The return value of the callback is used to determine if the query will continue to be executed. A true value will cause the next page of results to be requested; a false value will terminate the query, resulting in the query_cb call to return.
query
A list of query specifications, consisting of zero or more tuples. The first element of each tuple is a specification type, which must be one of the following.
select
Specifies a list of the names for the fields to be returned. There should only be one
select
tuple. If none is present, all the fields will be returned.
eq
Specifies a field name and matching value. This forms a constraint on the query. If the field is a string field, the constraint will be satisfied if the value matches a substring of the field value. If the field is a numeric field, the constraint will be satisfied if the value exactly matches the field value. In the string case, an interior asterisk can be used as a wild card.
in
Specifies a field name and a string containing a comma-delimited list of matching values enclosed in parentheses. This forms a constraint on the query. It works much like
eq
, except the constraint is satisfied if the field value matches any one of the specified values. This is the only way to introduce OR-like functionality into the query.
sort
Specifies a list of field names, each prefixed by a
+
or-
. The output will be sorted in the fashion indicated by the field names, ascending for+
, descending for-
.Note that parentheses must be manually removed from field values and special characters in the database are frequently ignored during string matches.
lookup_sequence_data¶
Given a list of MD5s, retrieve the corresponding sequence data. Invoke the callback for each one.
lookup_sequence_data_hash¶
Like lookup_sequence_data but return a hash mapping md5 => sequence data.
retrieve_protein_features_in_genomes¶
Looks up and returns all protein features from the genome.
Unique proteins by MD5 checksum are written to $fasta_file
and a mapping from
MD5 checksum to list of feature IDs is written to $id_map_file
.
compute_reference_pin¶
my @fids = $api->compute_reference_pin($focus_peg, $n_genomes, $distance_class)
Compute a pin for the given $focus_peg
from the PATRIC reference database.
focus_peg
The feature ID to pin from.
pin_size
Number of features to return in the pin.
distribution_mode
A string denoting the distribution of returned genomes based on their computed similarity.

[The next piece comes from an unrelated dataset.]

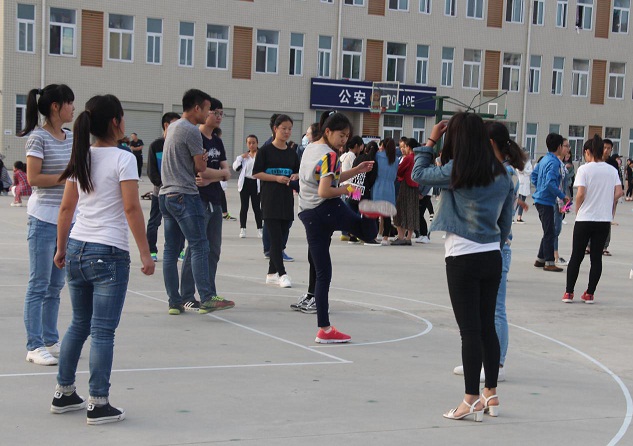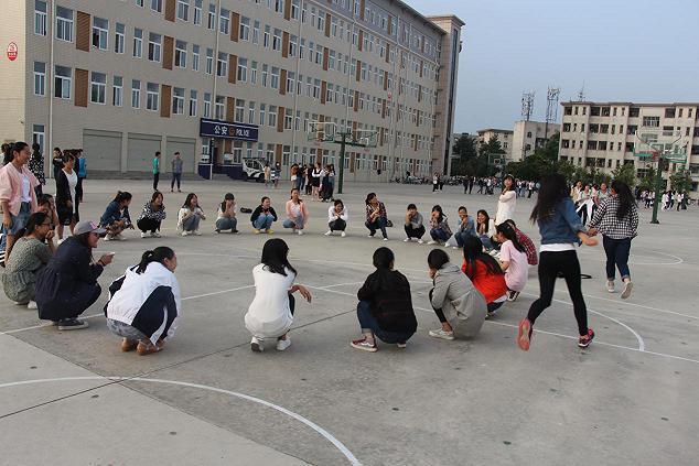 生物技术班、生物制药班和茶叶检测班也进行着“踢毽子”、“丢手绢”以及“砸毽子”等小游戏,场面热闹非凡。

Values are “top”, “spread_unique”, “spread_proportional”.
find_protein_in_genome_by_product¶
my $aa_seq = $d->find_protein_in_genome_by_product($genome_id, $product_name)
Look for a protein with the given product in the given genome.
get_pin¶
my $pin = $d->get_pin($fid, $family_type, $max_size, $genome_filter);
expand_fids_to_pin¶
my $pin = $d->expand_fids_to_pin($fid_list);
Given a list of fids, expand with data from the API.
compute_pin_alignment¶
my $enhanced_pin = $d->compute_pin_alignment($pin, $n_genomes, $truncation_mechanism)
Given a basic pin, compute the BLAST similarities between the first member and the rest, order the pin by the similarities, and truncate to the desired size. The truncation mechanism may either be ‘best_match’ in which case the best N matches are kept, or ‘stratify’ in which case N matches stratified through the list are kept.
- Each element in $pin is a hash with the following keys:
patric_id Feature ID aa_sequence Amino acid sequence for the protein
get_taxon_metadata¶
my $md = get_taxon_metadata($taxon_id)
Compute basic taxon metadat for a given $taxon_id
. Returns a hash
with keys domain
, taxon_name
, taxon_id
, genetic_code
, taxon_lineage
.
gto_of¶
my $gto = $d->gto_of($genomeID);
Return a GenomeTypeObject for the specified genome.
genomeID
ID of the source genome.
RETURN
Returns a blessed GenomeTypeObject for the genome, or
undef
if the genome was not found.
fasta_of¶
my $triples = $d->fasta_of($genomeID);
Return a set of contig triples for the specified genome. Each triple is [id, comment, sequence].
genomeID
ID of the source genome.
RETURN
Returns a reference to a list of 3-tuples, one per contig in the genome. Each tuple consists of (0) an ID, (1) an empty string (comment), and (2) the contig DNA sequence.
debug_on¶
$p3->debug_on($logH);
Turn on debugging to the specified log file.
logH
Open file handle for debug messages.